TASK PROMPT
Using the listing below, print the line containing "This same Irish", the line containing "由于低溫天氣依舊,路面已有凝", and each line between them, exactly and nothing else. Pictures stay out of the print.

GIVEN RECORDS
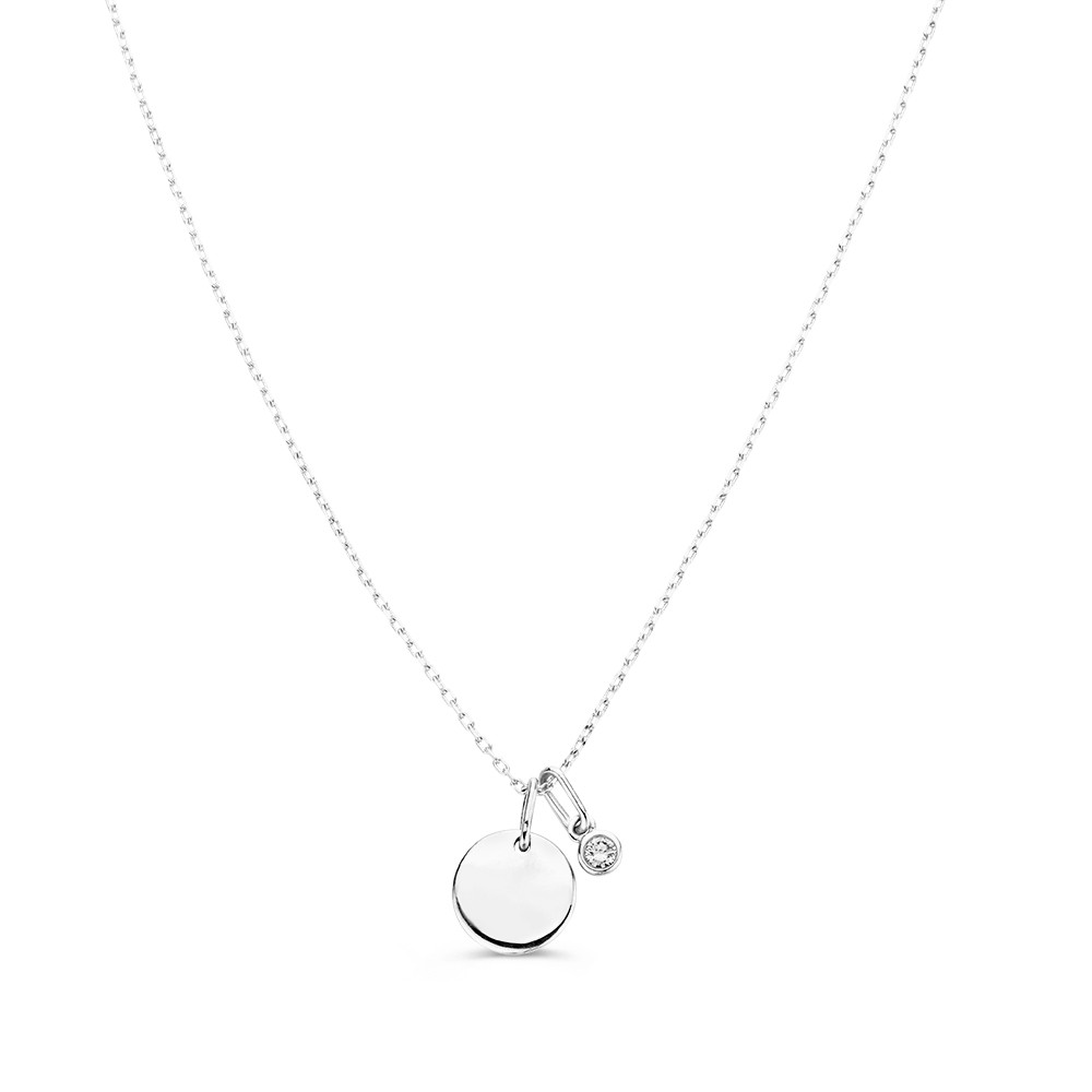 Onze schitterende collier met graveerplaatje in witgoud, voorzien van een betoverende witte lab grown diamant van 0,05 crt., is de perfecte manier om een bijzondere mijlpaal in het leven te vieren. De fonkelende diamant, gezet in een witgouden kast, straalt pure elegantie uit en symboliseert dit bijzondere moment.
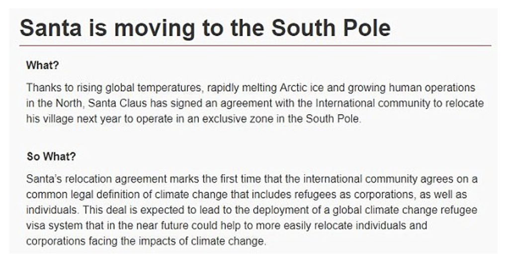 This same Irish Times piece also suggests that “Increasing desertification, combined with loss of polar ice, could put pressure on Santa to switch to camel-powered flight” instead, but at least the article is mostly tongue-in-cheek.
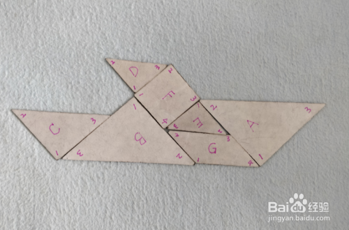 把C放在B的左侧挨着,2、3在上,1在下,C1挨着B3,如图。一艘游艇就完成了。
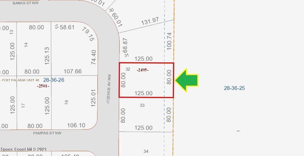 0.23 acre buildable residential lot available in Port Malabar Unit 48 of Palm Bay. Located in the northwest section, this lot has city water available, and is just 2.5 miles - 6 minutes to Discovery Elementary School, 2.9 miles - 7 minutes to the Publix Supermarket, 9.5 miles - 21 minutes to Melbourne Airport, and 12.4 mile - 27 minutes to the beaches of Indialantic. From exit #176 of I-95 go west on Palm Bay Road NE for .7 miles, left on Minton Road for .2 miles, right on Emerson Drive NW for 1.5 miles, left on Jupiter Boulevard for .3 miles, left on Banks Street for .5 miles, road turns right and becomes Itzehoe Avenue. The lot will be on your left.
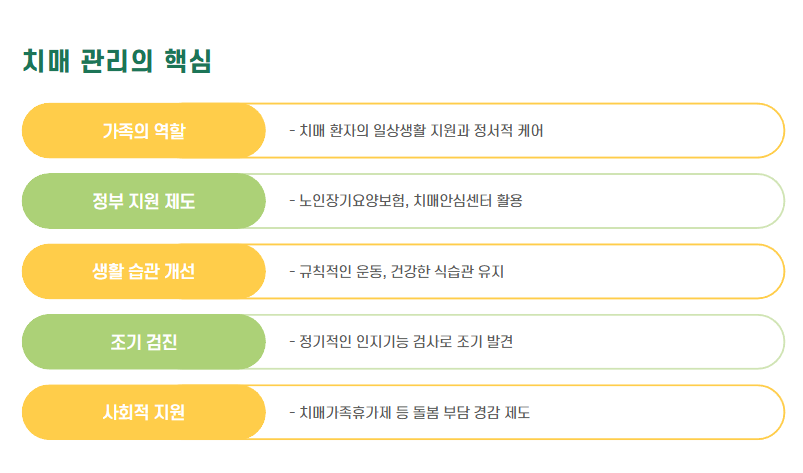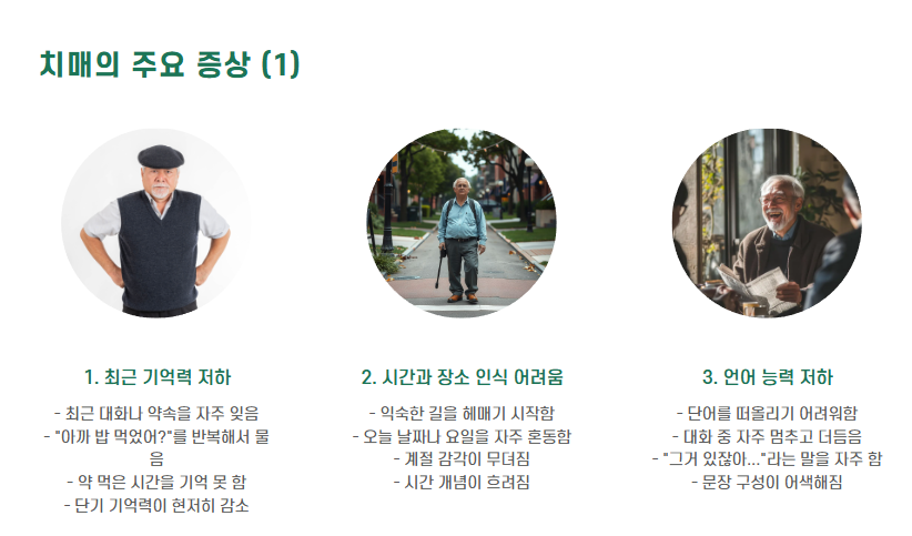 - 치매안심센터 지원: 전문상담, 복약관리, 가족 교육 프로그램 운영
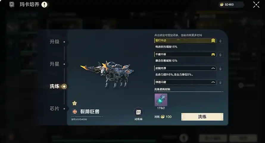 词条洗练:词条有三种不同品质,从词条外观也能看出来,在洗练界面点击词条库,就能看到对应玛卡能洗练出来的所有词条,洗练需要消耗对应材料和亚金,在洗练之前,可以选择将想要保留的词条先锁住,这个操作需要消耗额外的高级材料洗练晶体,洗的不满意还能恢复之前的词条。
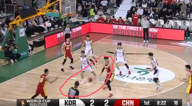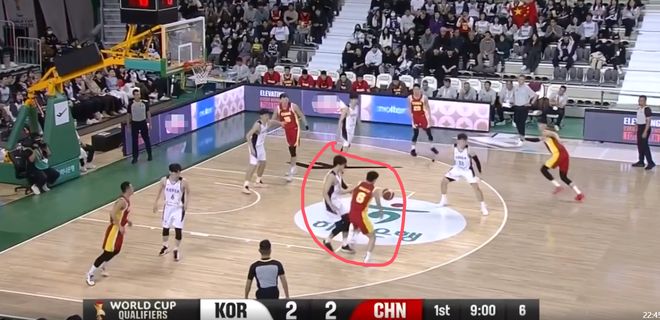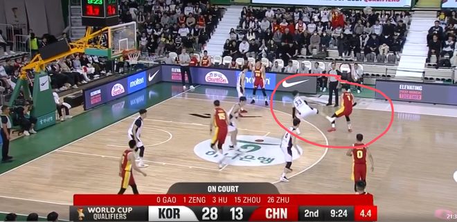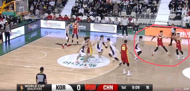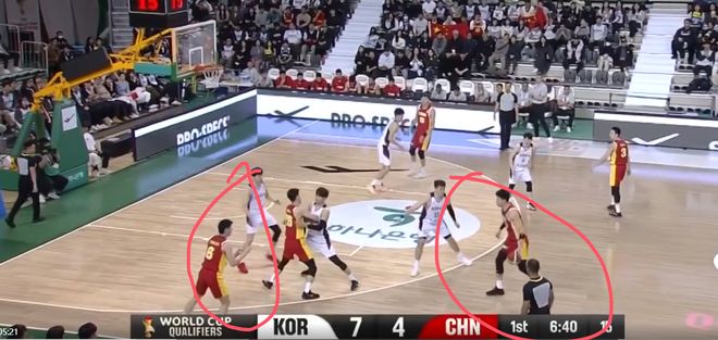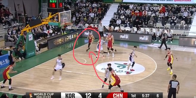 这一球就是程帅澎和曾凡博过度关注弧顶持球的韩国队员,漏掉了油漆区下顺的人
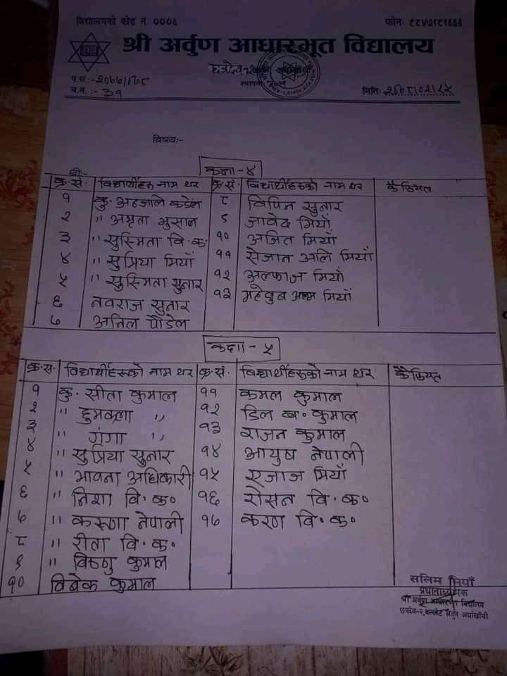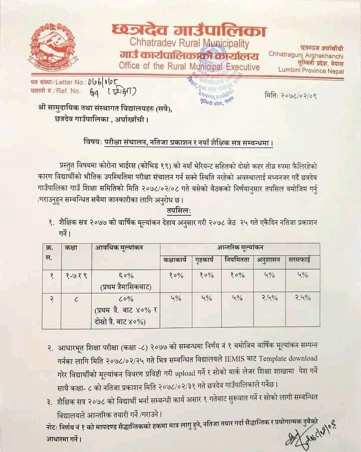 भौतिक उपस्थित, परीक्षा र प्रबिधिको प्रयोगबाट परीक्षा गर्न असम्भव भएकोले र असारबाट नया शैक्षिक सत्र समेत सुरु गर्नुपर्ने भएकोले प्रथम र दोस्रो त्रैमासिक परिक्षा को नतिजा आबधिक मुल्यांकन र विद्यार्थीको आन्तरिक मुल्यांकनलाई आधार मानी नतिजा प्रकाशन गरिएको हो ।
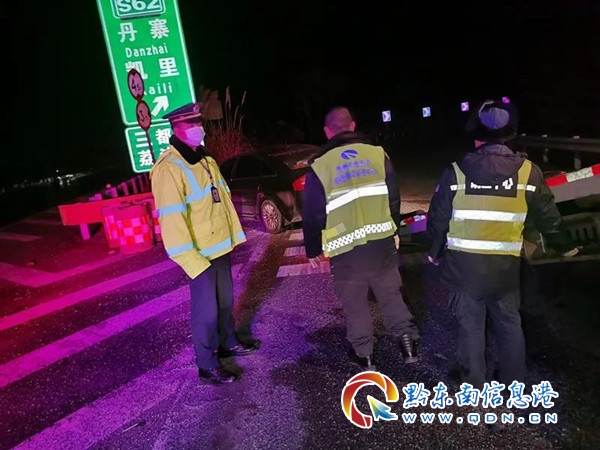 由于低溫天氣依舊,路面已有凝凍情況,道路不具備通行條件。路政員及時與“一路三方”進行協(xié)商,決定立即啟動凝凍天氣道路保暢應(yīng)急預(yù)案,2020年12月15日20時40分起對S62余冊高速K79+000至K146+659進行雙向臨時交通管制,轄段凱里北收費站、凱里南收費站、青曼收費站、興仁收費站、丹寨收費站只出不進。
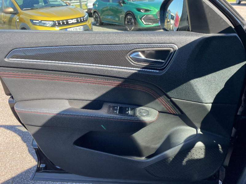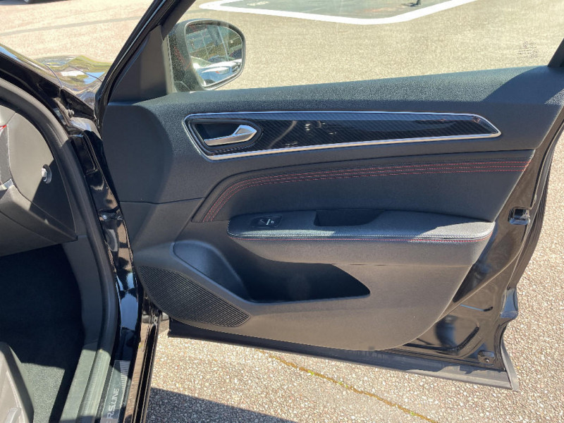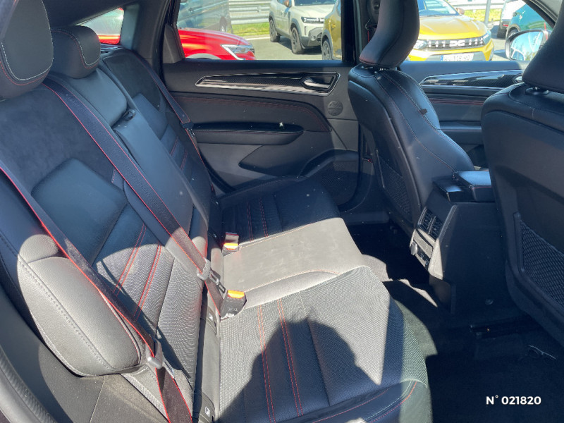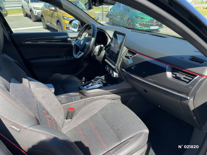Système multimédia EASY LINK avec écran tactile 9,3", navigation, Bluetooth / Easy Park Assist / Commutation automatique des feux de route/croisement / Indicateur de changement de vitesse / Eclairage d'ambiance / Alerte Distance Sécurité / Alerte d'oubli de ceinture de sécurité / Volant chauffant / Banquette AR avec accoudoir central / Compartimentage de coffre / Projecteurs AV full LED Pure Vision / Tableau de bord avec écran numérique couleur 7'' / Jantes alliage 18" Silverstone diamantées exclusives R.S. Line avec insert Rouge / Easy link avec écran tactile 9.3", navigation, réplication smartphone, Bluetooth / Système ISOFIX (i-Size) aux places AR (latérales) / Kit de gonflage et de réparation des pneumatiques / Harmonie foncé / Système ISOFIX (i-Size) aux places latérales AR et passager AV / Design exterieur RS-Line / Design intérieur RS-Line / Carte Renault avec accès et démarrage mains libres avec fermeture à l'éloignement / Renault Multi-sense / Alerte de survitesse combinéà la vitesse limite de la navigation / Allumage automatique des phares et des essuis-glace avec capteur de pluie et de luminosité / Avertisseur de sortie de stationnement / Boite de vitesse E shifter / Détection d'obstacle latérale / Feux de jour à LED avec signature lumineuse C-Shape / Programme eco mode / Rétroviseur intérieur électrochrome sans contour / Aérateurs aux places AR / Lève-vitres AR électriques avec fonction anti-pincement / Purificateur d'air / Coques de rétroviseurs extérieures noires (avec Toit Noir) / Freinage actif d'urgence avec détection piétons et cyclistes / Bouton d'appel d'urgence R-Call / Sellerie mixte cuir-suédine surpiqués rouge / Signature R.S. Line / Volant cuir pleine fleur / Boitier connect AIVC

RESPONSE BOX
 This same Irish Times piece also suggests that “Increasing desertification, combined with loss of polar ice, could put pressure on Santa to switch to camel-powered flight” instead, but at least the article is mostly tongue-in-cheek.
 把C放在B的左侧挨着,2、3在上,1在下,C1挨着B3,如图。一艘游艇就完成了。
 0.23 acre buildable residential lot available in Port Malabar Unit 48 of Palm Bay. Located in the northwest section, this lot has city water available, and is just 2.5 miles - 6 minutes to Discovery Elementary School, 2.9 miles - 7 minutes to the Publix Supermarket, 9.5 miles - 21 minutes to Melbourne Airport, and 12.4 mile - 27 minutes to the beaches of Indialantic. From exit #176 of I-95 go west on Palm Bay Road NE for .7 miles, left on Minton Road for .2 miles, right on Emerson Drive NW for 1.5 miles, left on Jupiter Boulevard for .3 miles, left on Banks Street for .5 miles, road turns right and becomes Itzehoe Avenue. The lot will be on your left.
 - 치매안심센터 지원: 전문상담, 복약관리, 가족 교육 프로그램 운영
 词条洗练:词条有三种不同品质,从词条外观也能看出来,在洗练界面点击词条库,就能看到对应玛卡能洗练出来的所有词条,洗练需要消耗对应材料和亚金,在洗练之前,可以选择将想要保留的词条先锁住,这个操作需要消耗额外的高级材料洗练晶体,洗的不满意还能恢复之前的词条。
 这一球就是程帅澎和曾凡博过度关注弧顶持球的韩国队员,漏掉了油漆区下顺的人
 भौतिक उपस्थित, परीक्षा र प्रबिधिको प्रयोगबाट परीक्षा गर्न असम्भव भएकोले र असारबाट नया शैक्षिक सत्र समेत सुरु गर्नुपर्ने भएकोले प्रथम र दोस्रो त्रैमासिक परिक्षा को नतिजा आबधिक मुल्यांकन र विद्यार्थीको आन्तरिक मुल्यांकनलाई आधार मानी नतिजा प्रकाशन गरिएको हो ।
 由于低溫天氣依舊,路面已有凝凍情況,道路不具備通行條件。路政員及時與“一路三方”進行協(xié)商,決定立即啟動凝凍天氣道路保暢應(yīng)急預(yù)案,2020年12月15日20時40分起對S62余冊高速K79+000至K146+659進行雙向臨時交通管制,轄段凱里北收費站、凱里南收費站、青曼收費站、興仁收費站、丹寨收費站只出不進。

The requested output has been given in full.